The records:
%%
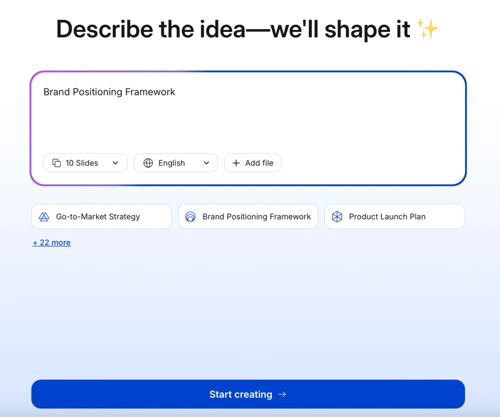 Чтобы сделать презентацию, нужно подготовить короткое описание в пару слов. Или можно отправить детальный план, в том числе с помощью файла (текстового документа до 50 страниц, Excel-таблицы, картинки, другой презентации в формате PPTX). Драфт можно отредактировать вместе с ИИ прямо на сайте, а готовый документ скачать в форматах PowerPoint и PDF.
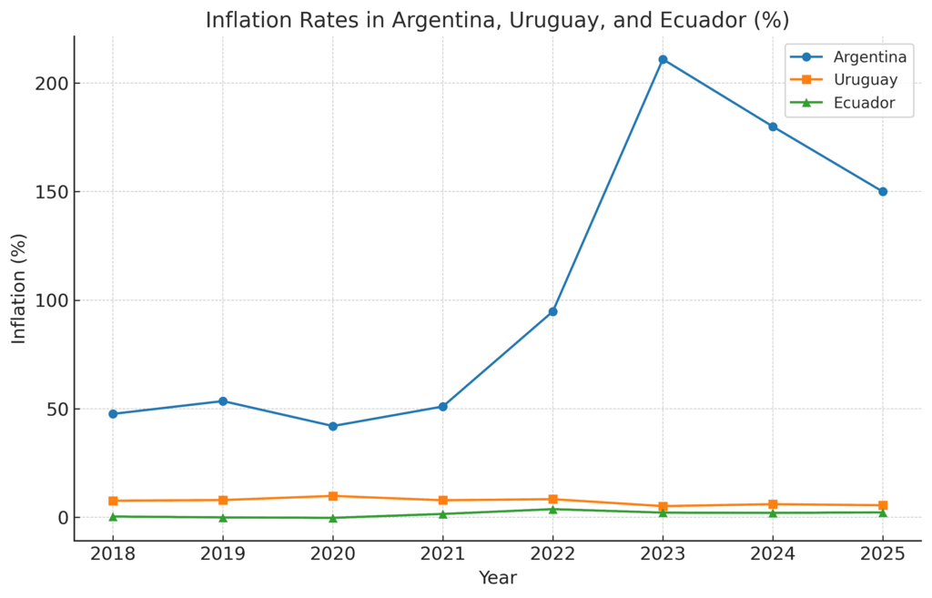 Source: World Bank and national central bank statistics (2018 - 2025). Line graph comparing inflation rates of Argentina, Uruguay, and Ecuador between 2018 and 2025. Argentina shows steep volatility, Uruguay remains stable under 10%, and Ecuador, dollarized since 2000, stays near zero to low single digits.
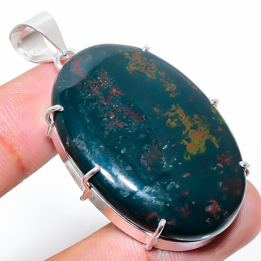 Гематит Драгоценный камень 925 Стерлинговое серебро Подарок Ювелирное изделие Подвеска 2.09"
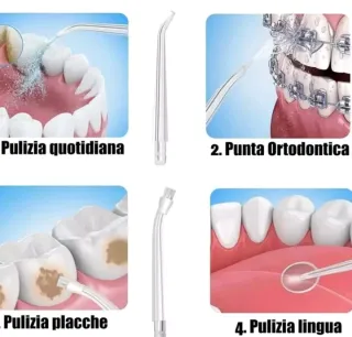 Idropulsore dentale elettrico per una pulizia profonda dei denti. - Design Whole Waterproof. - Potenza di pulizia +95%. - Diverse opzioni di modalità: Weak, Strong, Pulse. - Include cavo di ricarica USB.
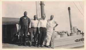 A 1908 VERNACULAR GELATIN SILVER PHOTOGRAPH OF FOUR AFRICAN-AMERICAN LABORERS ABOARD THE SS POWHATAN IN CHESAPEAKE BAY
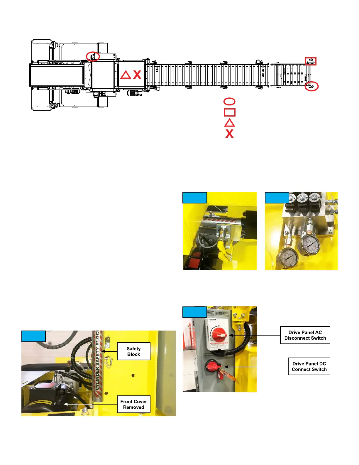 conveyor to its full height� Remove the safety block from its
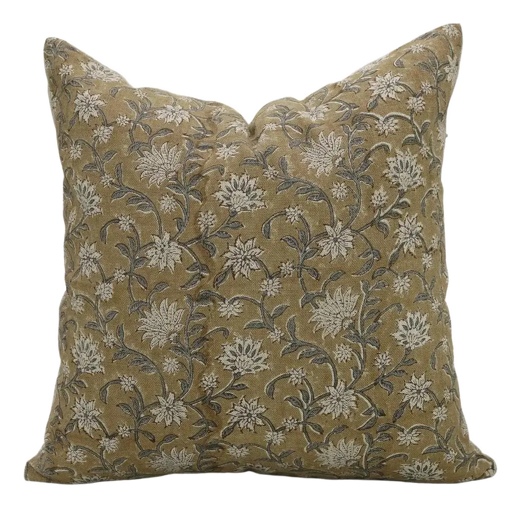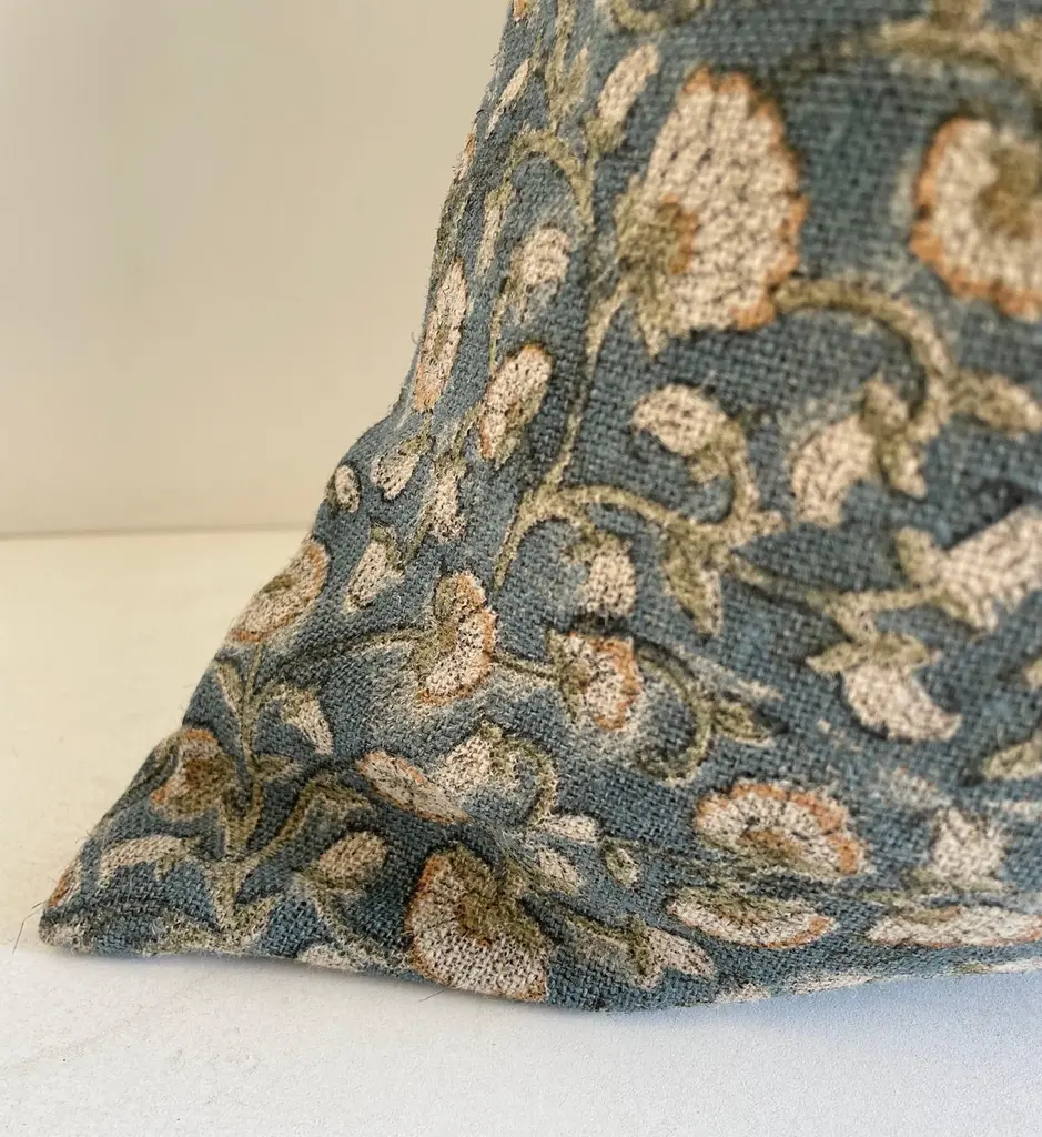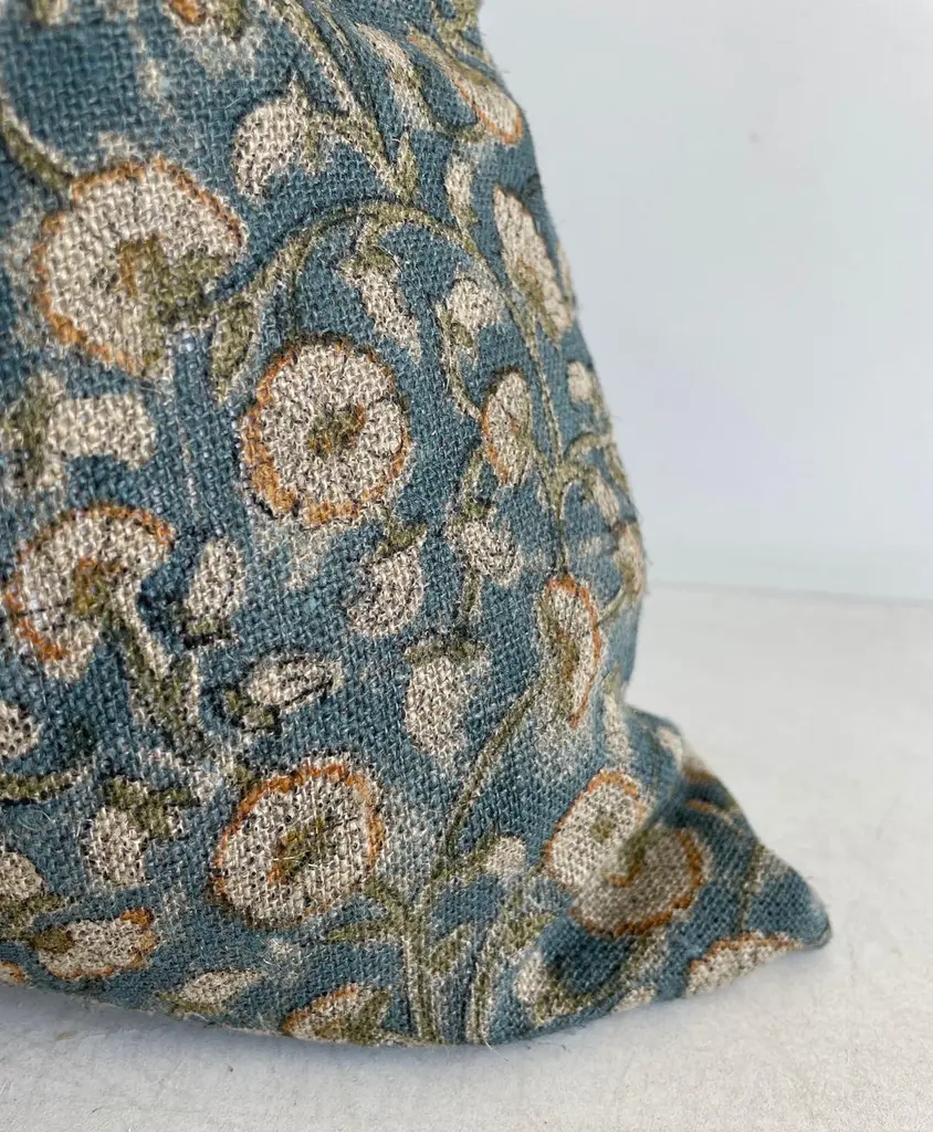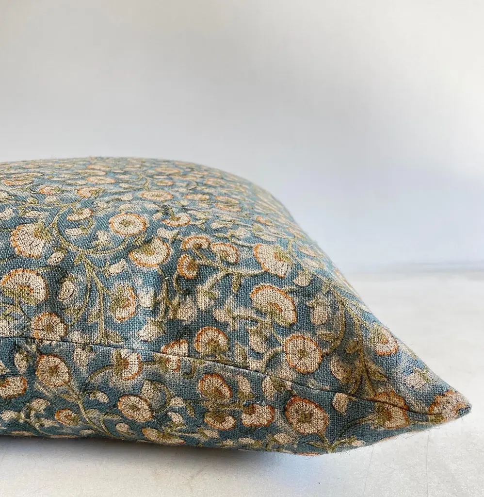 Beautifully hand block-printed pillow on heavy linen fabric. Zipper closure. Care instructions: dry clean recommended Includes down insert.Colors: French blue, gold (marigold), on flax natural linen.Size: 22” x 22”.Please allow 6-10 weeks from time of purchase for production. This item is considered custom order and is final sale.
%%
Your instructions: What is needed is an exact printout of all the entries, without the pictures.

Answer box:
 Чтобы сделать презентацию, нужно подготовить короткое описание в пару слов. Или можно отправить детальный план, в том числе с помощью файла (текстового документа до 50 страниц, Excel-таблицы, картинки, другой презентации в формате PPTX). Драфт можно отредактировать вместе с ИИ прямо на сайте, а готовый документ скачать в форматах PowerPoint и PDF.
 Source: World Bank and national central bank statistics (2018 - 2025). Line graph comparing inflation rates of Argentina, Uruguay, and Ecuador between 2018 and 2025. Argentina shows steep volatility, Uruguay remains stable under 10%, and Ecuador, dollarized since 2000, stays near zero to low single digits.
 Гематит Драгоценный камень 925 Стерлинговое серебро Подарок Ювелирное изделие Подвеска 2.09"
 Idropulsore dentale elettrico per una pulizia profonda dei denti. - Design Whole Waterproof. - Potenza di pulizia +95%. - Diverse opzioni di modalità: Weak, Strong, Pulse. - Include cavo di ricarica USB.
 A 1908 VERNACULAR GELATIN SILVER PHOTOGRAPH OF FOUR AFRICAN-AMERICAN LABORERS ABOARD THE SS POWHATAN IN CHESAPEAKE BAY
 conveyor to its full height� Remove the safety block from its
 Beautifully hand block-printed pillow on heavy linen fabric. Zipper closure. Care instructions: dry clean recommended Includes down insert.Colors: French blue, gold (marigold), on flax natural linen.Size: 22” x 22”.Please allow 6-10 weeks from time of purchase for production. This item is considered custom order and is final sale.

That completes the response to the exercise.